# [Exercise prompt]
Starting with the line that has "mountain + pool" in the records below and stopping after the line that has "The EURUSD (EUR/USD)", output every line exactly and nothing else; skip pictures.

# [Excerpted records]
::::::

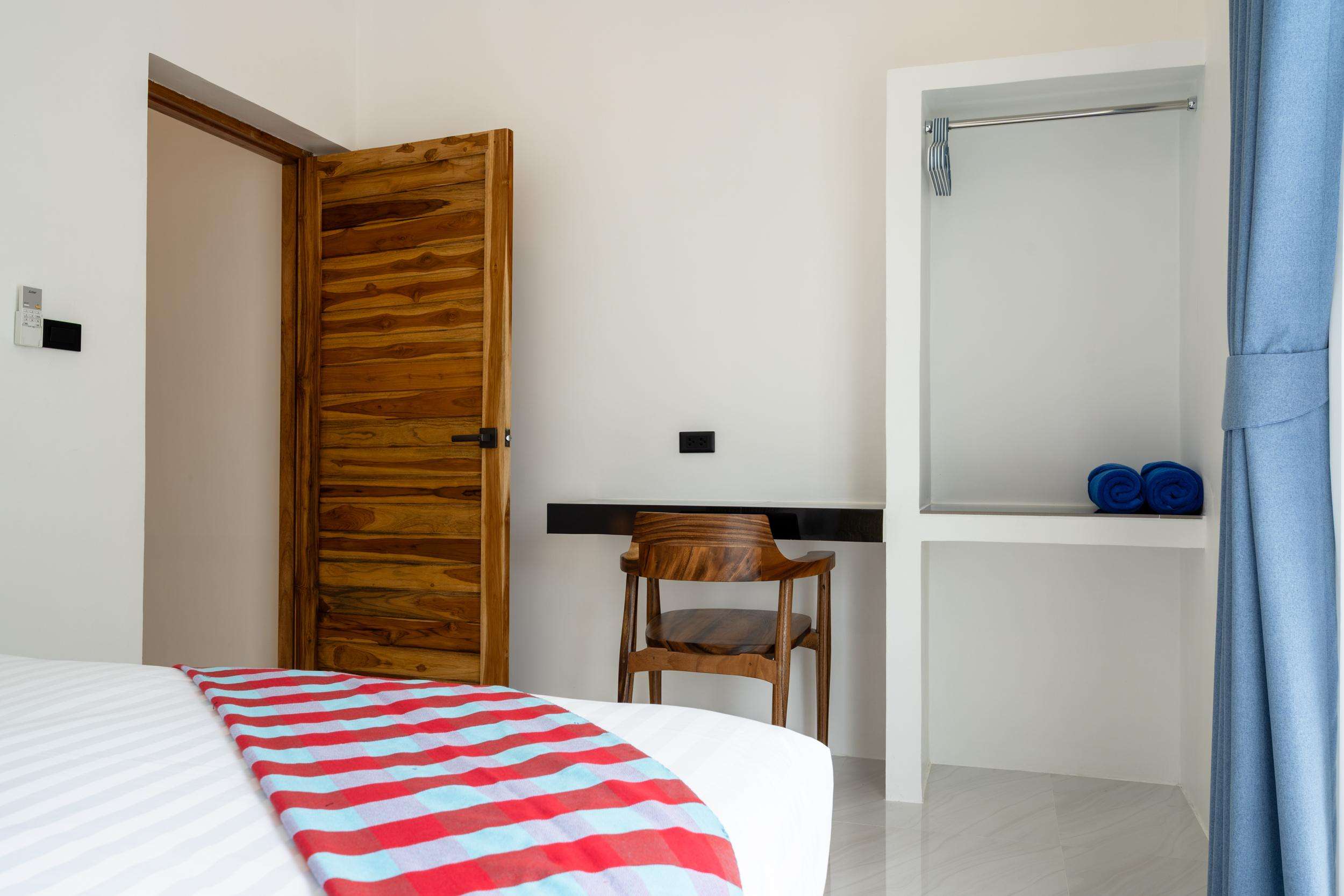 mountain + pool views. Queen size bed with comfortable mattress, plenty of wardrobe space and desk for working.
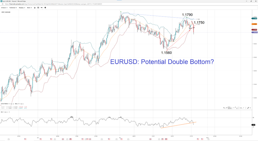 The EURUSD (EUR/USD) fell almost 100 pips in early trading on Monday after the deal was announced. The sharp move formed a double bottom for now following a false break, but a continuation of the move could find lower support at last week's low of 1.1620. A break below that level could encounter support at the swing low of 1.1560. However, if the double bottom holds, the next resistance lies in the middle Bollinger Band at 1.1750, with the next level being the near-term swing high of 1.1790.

::::::

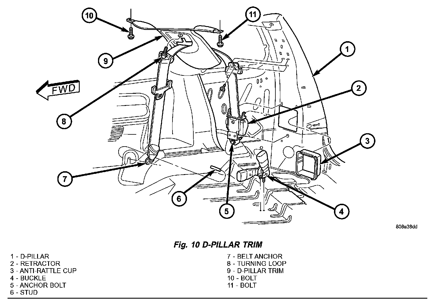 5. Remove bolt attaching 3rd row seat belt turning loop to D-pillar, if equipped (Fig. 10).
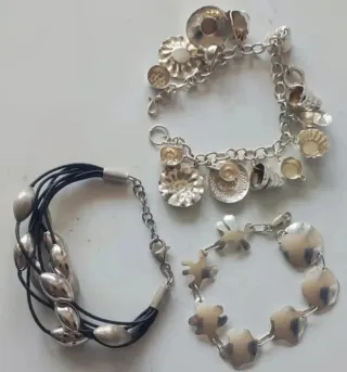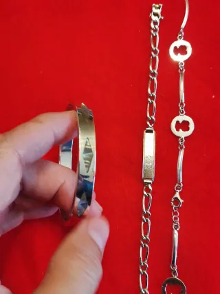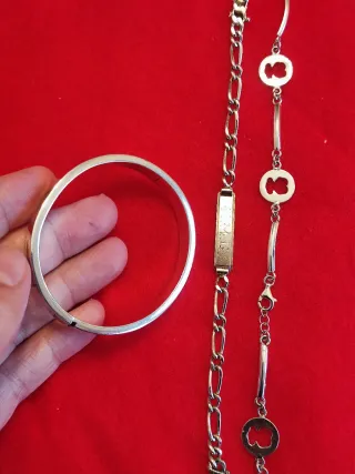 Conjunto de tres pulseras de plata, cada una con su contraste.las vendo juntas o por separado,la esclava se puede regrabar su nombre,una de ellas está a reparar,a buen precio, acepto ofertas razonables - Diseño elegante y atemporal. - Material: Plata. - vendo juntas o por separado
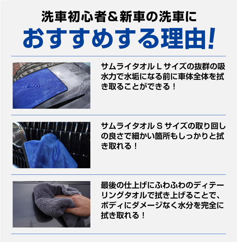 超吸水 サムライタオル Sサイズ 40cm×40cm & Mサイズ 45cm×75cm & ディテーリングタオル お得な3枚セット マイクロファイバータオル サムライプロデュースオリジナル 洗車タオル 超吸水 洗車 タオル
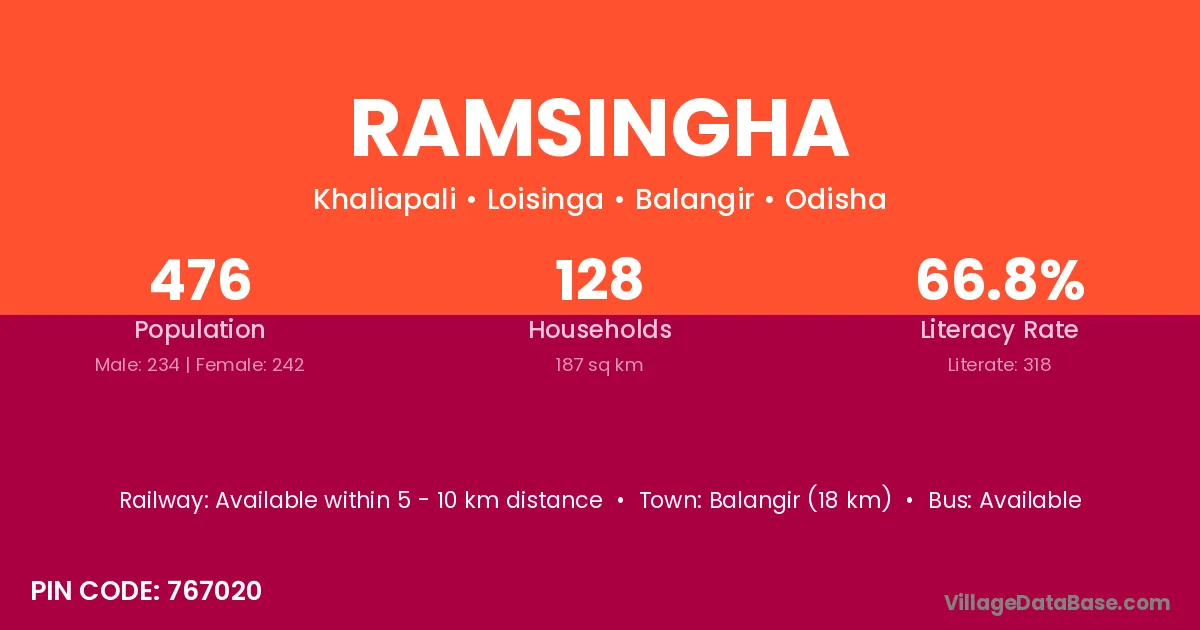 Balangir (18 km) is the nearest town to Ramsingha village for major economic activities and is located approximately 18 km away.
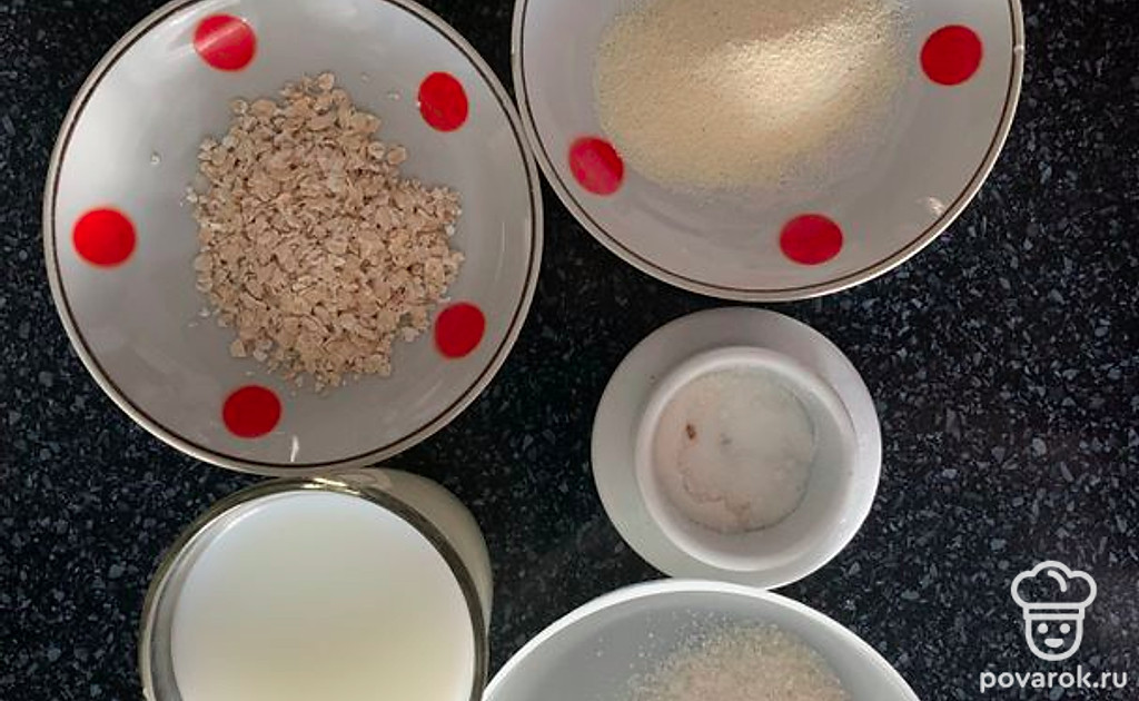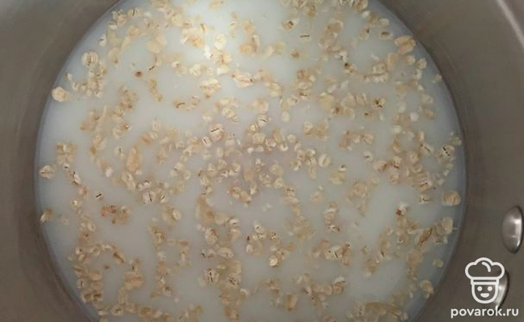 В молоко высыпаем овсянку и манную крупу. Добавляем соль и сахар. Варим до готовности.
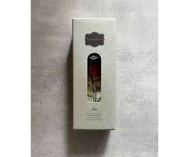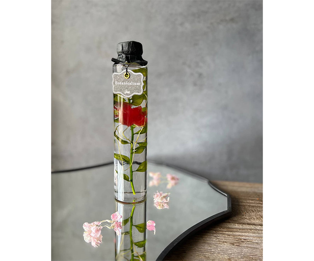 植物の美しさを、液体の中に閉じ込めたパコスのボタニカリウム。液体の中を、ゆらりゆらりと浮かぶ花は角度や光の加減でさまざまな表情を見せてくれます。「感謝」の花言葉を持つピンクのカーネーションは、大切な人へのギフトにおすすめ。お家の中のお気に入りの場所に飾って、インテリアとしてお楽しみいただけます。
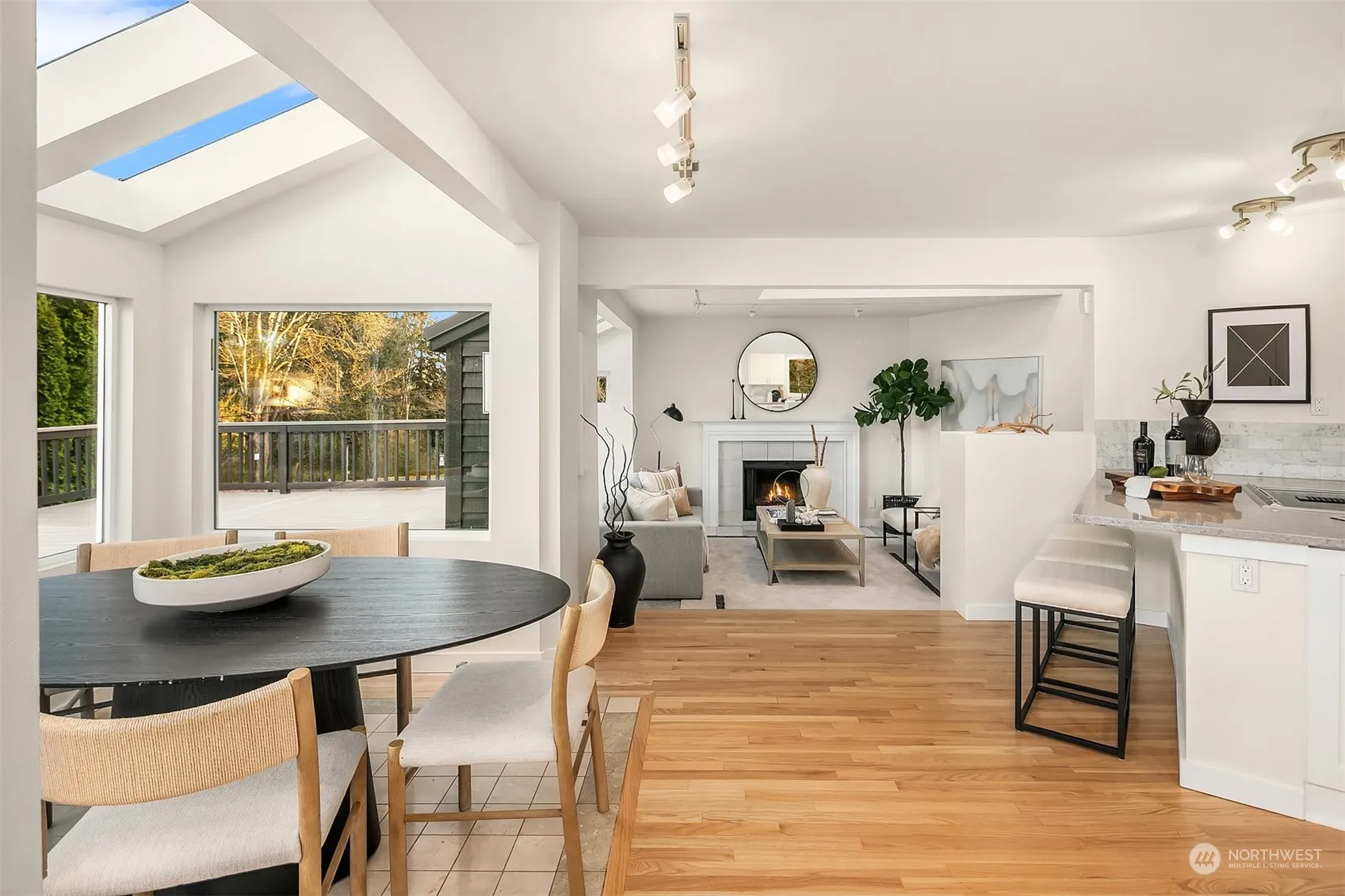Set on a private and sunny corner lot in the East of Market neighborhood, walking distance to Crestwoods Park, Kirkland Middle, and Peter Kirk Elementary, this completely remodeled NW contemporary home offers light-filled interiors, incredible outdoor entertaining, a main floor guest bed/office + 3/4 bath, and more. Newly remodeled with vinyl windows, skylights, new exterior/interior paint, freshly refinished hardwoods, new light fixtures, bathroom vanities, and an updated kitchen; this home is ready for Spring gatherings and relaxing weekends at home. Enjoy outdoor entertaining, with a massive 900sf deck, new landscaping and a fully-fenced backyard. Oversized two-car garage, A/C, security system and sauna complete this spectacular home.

::::::

# [Response to this exercise]
 mountain + pool views. Queen size bed with comfortable mattress, plenty of wardrobe space and desk for working.
 The EURUSD (EUR/USD) fell almost 100 pips in early trading on Monday after the deal was announced. The sharp move formed a double bottom for now following a false break, but a continuation of the move could find lower support at last week's low of 1.1620. A break below that level could encounter support at the swing low of 1.1560. However, if the double bottom holds, the next resistance lies in the middle Bollinger Band at 1.1750, with the next level being the near-term swing high of 1.1790.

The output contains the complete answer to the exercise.